We all give up and go for a walk instead. Innsbruck is a gentle town and out on the quiet streets there is no visible pain. No homeless people, or indeed any sign of poverty, nobody who looks unwashed or distressed or intimidating, none of the enervated faces of big city life. The mountain air is healthy, the scenery from every angle calmly splendid, the streets and parks are clean and unhurried. Do we spoil the atmosphere, with our grief? But nobody would know if they looked at us; only rarely do we let our true feelings spill out in public, for that is not our way. I think about TV footage of men and women wailing and gesticulating with grief in the countries where this is their cultural norm and wonder if that helps them to bear the pain more easily.
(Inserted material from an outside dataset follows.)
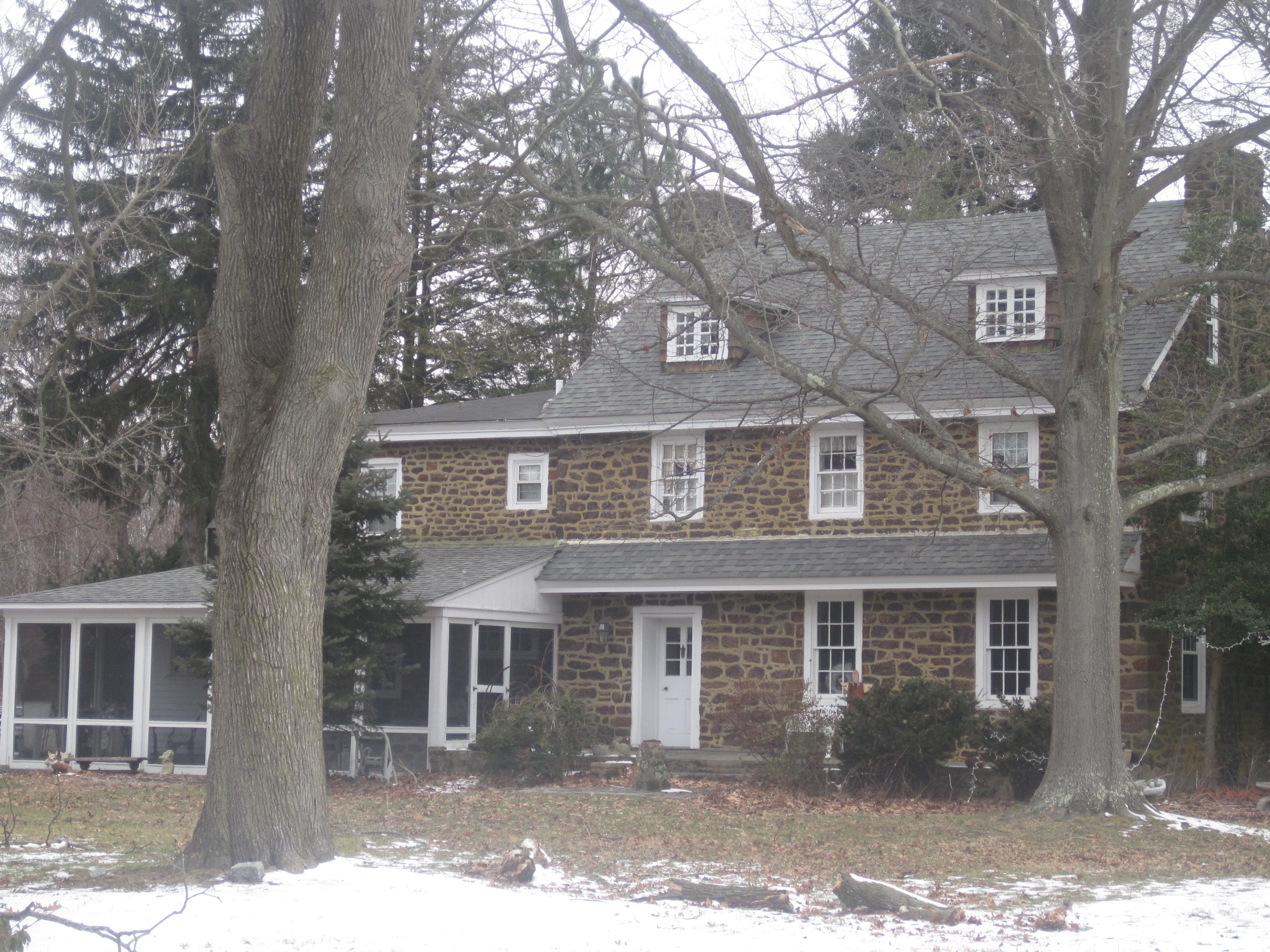 The Jesse Chew House Mantua-Sewell Road, near the railroad bridge The house, built of Jersey sandstone in 1772, is still in remarkable condition. Hand-hewn rafters, the corner fireplace, iron door hinges and the finger latches are original. Jesse Chew was a Methodist preacher and his home was spared from the raids of the British. (Private)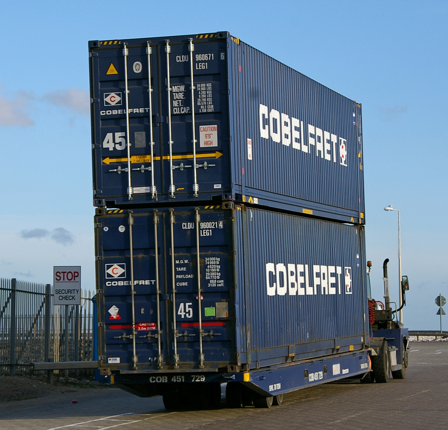 Terberg RoRo tractor towing stacked Cobelfret containers up the causeway for loading. These boxes are marked as having a net capacity of 29,740kg.

Just before noon the girls and I turn the final corner of our walk and see the hospital once more like a glass fortress at the end of the street. We each feel the same tightening dread as we catch that first glimpse, the dread accompanied by a sudden surge of fearful hope—something may have happened overnight that we don’t know about yet. We enter the hospital atrium and cross the light-filled space to the far corner where the elevator will take us up to the seventh floor, to Miles.
Yesterday, though, the grief did spill. Marina and I had been out for a walk and passing a small church in a side street we entered it, in the hope that the place might lend us some peace.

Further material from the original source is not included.